Imipenem/Cilastatin/Relebactam

  • TRADE NAME: Recarbrio (MSD)
  • INDICATIONS: Patients 18 years of age and older who have limited, or no alternative treatment options, for the treatment of the following infections caused by susceptible gram-negative bacteria: complicated urinary tract infections, including pyelonephritis; complicated intra-abdominal infections
  • CLASS: Antibiotic, Antibiotic; carbapenem (imipenem), Antimicrobial, Beta-lactamase inhibitor (relebactam), Renal dehydropeptidase inhibitor (cilastatin)
  • HALF-LIFE: 1 hour (imipenem); 1.2 hours (relebactam); 1 hour (cilastatin)

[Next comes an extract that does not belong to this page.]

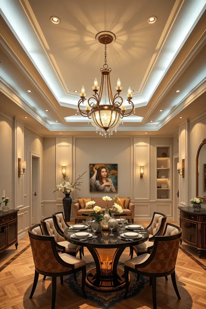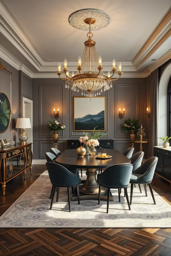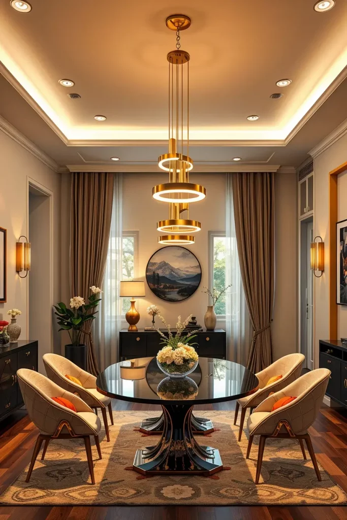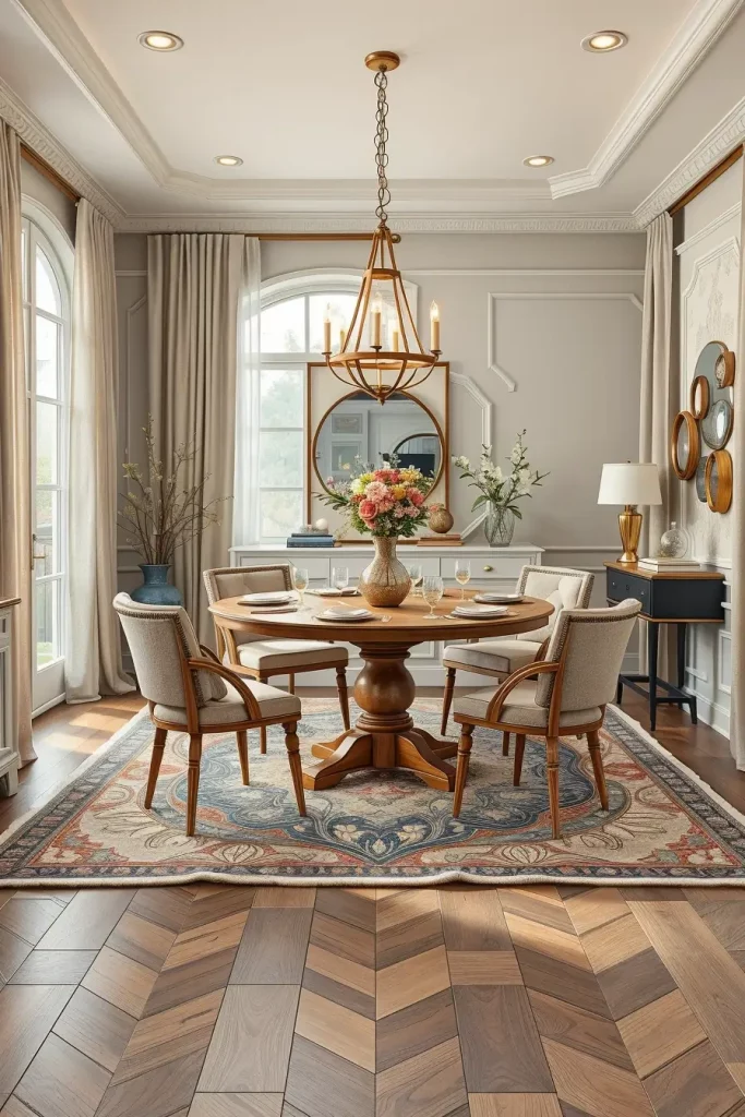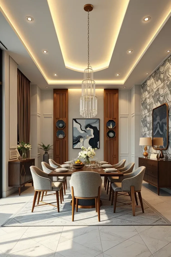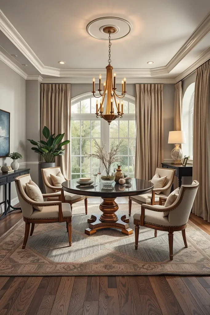 When it comes to furniture, I will give priority to more ergonomic dining chairs that have cushioning seats, curved backs that make one relax. The layout can be softened by a round dining table that will make guests start talking. Additional elements of decor, such as a textured flooring, warm metallic details, and stacked lighting, including pendant and ambient lighting are added to the appearance. The concept will consist of making the dining room comfortable and classy enough to host special occasions.

FDA APPROVAL DATE: 07/16/2019

CLINICALLY IMPORTANT, POTENTIALLY HAZARDOUS INTERACTIONS WITH:

Ganciclovir, Valproic Acid

PREGNANCY CATEGORY: N/A
Insufficient human data to establish whether there is a drug-associated risk for major birth defects, miscarriage, or adverse maternal or fetal outcomes with imipenem, cilastatin, or relebactam in pregnant women.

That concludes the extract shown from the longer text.